During handling of the above exception, another exception occurred:

Traceback (most recent call last):
File "/usr/lib/python3.8/logging/__init__.py", line 1085, in emit
msg = self.format(record)
File "/usr/lib/python3.8/logging/__init__.py", line 929, in format
return fmt.format(record)
File "/usr/lib/python3.8/logging/__init__.py", line 671, in format
s = self.formatMessage(record)
File "/usr/lib/python3.8/logging/__init__.py", line 640, in formatMessage
return self._style.format(record)
File "/usr/lib/python3.8/logging/__init__.py", line 442, in format
raise ValueError('Formatting field not found in record: %s' % e)
ValueError: Formatting field not found in record: 'extra_param'
...

To avoid such crash you can use LogRecordIgnoreMissing that will replace missing extra attributes by an empty string in the message.
import logging
from logging_utilities.log_record import LogRecordIgnoreMissing

logging.setLogRecordFactory(LogRecordIgnoreMissing)

logging.basicConfig(format="%(message)s - %(extra_param)s", level=logging.INFO, force=True)

logger = logging.getLogger('my-logger')

logger.info('My message', extra={'extra_param': 20})
My message - 20

logger.info('My second message')
My second message -

You can also change the default value by using the helper set_log_record_ignore_missing_factory()
import logging
from logging_utilities.log_record import set_log_record_ignore_missing_factory

set_log_record_ignore_missing_factory('my-default')

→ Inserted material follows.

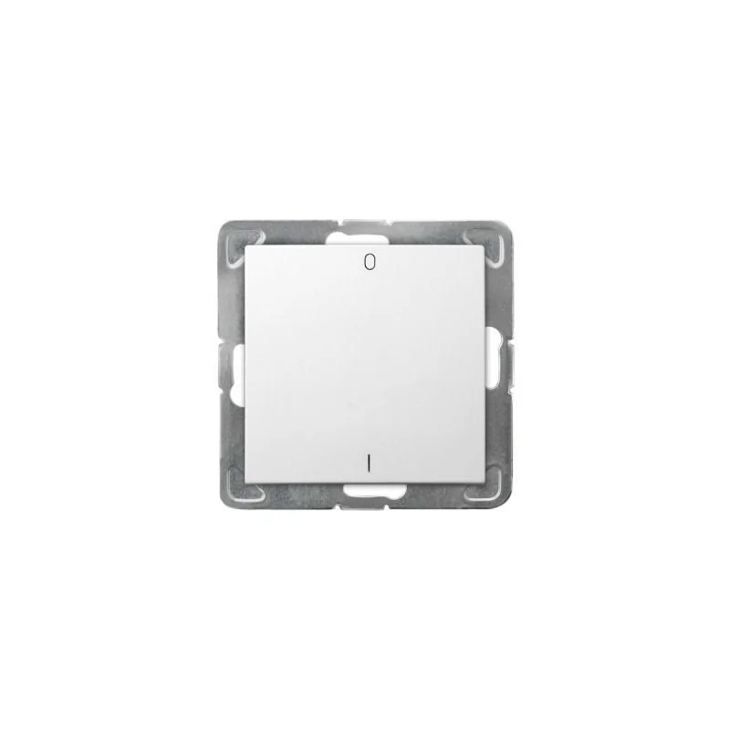 Włącznik dwubiegunowy serii IMPRESJA firmy OSPEL w kolorze białym, przeznaczony do montażu podtynkowego. Włącznik wymaga dokupienia ramki serii IMPRESJA firmy OSPEL.

logging.basicConfig(format="%(message)s - %(extra_param)s", level=logging.INFO, force=True)

logger = logging.getLogger('my-logger')

logger.info('My message', extra={'extra_param': 20})
My message - 20

logger.info('My second message')
My second message - my-default

:warning: NOTE that setting the log record factory is a global action that affects every logger and formatter
Logging Context
With set_logging_context() you can add a thread based context to every log record. This can be quite usefull if
you want to globally set a context to every log record, for example a Request context in a Pyramid/Django application.
Logging Context example with Pyramid
In a Pyramid application it is quite usefull to
add to every log record the Request context. This can be done as follow:
# module my_app.logging_tweens
from logging_utilities.context import set_logging_context


def logging_context_tween(handler, registry):

def _logging_context_tween(request):
set_logging_context({
"request": {
"method": request.method,
"path": request.path,
"headers": dict(request.headers)
}
})
return handler(request)

return _logging_context_tween

# MAIN
import logging
from wsgiref.simple_server import make_server
from pyramid.config import Configurator
from pyramid.response import Response

logging.basicConfig(format="%(message)s - %(context)s")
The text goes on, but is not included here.